• _Activity_: Where a line contains the word "found", copy that line from the records below.

• _Input records_:
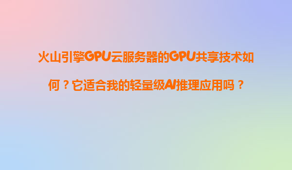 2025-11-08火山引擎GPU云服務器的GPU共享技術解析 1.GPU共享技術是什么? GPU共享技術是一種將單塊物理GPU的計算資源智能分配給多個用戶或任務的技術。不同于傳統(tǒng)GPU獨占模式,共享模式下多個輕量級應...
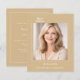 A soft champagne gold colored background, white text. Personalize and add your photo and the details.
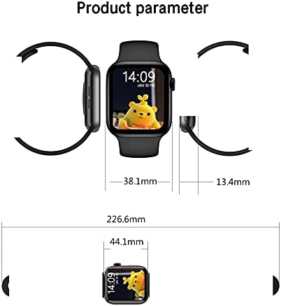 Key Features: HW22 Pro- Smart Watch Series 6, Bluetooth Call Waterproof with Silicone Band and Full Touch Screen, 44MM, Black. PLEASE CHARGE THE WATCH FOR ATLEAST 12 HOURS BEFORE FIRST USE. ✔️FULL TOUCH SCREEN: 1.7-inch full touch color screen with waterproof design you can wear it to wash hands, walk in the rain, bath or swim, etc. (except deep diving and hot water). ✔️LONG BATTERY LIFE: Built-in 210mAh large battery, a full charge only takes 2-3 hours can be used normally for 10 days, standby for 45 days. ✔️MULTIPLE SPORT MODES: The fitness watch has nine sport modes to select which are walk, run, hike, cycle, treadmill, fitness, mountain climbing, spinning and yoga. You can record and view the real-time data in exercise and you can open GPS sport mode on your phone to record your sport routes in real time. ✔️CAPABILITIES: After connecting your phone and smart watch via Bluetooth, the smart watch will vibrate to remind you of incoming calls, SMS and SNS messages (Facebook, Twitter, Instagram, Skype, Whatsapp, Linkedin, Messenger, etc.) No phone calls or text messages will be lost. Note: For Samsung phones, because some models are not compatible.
...
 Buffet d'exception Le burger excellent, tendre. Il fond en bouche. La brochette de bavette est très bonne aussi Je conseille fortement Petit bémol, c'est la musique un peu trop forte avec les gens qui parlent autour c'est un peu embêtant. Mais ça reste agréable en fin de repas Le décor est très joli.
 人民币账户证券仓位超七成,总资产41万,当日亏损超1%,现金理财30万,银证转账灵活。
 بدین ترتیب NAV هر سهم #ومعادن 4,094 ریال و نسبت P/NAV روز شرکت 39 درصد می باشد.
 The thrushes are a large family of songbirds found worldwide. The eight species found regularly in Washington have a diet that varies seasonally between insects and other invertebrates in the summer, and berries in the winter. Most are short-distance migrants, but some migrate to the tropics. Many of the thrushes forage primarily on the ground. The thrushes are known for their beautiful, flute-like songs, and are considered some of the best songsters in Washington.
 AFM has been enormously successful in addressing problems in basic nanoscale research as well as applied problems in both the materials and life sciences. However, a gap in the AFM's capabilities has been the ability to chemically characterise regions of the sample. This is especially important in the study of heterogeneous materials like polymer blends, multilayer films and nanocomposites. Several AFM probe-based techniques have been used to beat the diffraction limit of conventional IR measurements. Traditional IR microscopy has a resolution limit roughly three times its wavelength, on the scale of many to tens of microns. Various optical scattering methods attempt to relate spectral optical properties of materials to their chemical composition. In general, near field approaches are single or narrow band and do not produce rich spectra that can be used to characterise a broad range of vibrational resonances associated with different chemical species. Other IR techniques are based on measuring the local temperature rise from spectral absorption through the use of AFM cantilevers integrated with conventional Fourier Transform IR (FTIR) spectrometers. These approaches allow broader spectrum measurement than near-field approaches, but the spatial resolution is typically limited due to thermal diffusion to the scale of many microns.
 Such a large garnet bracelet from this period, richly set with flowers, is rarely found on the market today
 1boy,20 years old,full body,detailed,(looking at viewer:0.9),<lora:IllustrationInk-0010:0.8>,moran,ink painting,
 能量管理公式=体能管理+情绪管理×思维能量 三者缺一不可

• _Answer_:
 The thrushes are a large family of songbirds found worldwide. The eight species found regularly in Washington have a diet that varies seasonally between insects and other invertebrates in the summer, and berries in the winter. Most are short-distance migrants, but some migrate to the tropics. Many of the thrushes forage primarily on the ground. The thrushes are known for their beautiful, flute-like songs, and are considered some of the best songsters in Washington.
 Such a large garnet bracelet from this period, richly set with flowers, is rarely found on the market today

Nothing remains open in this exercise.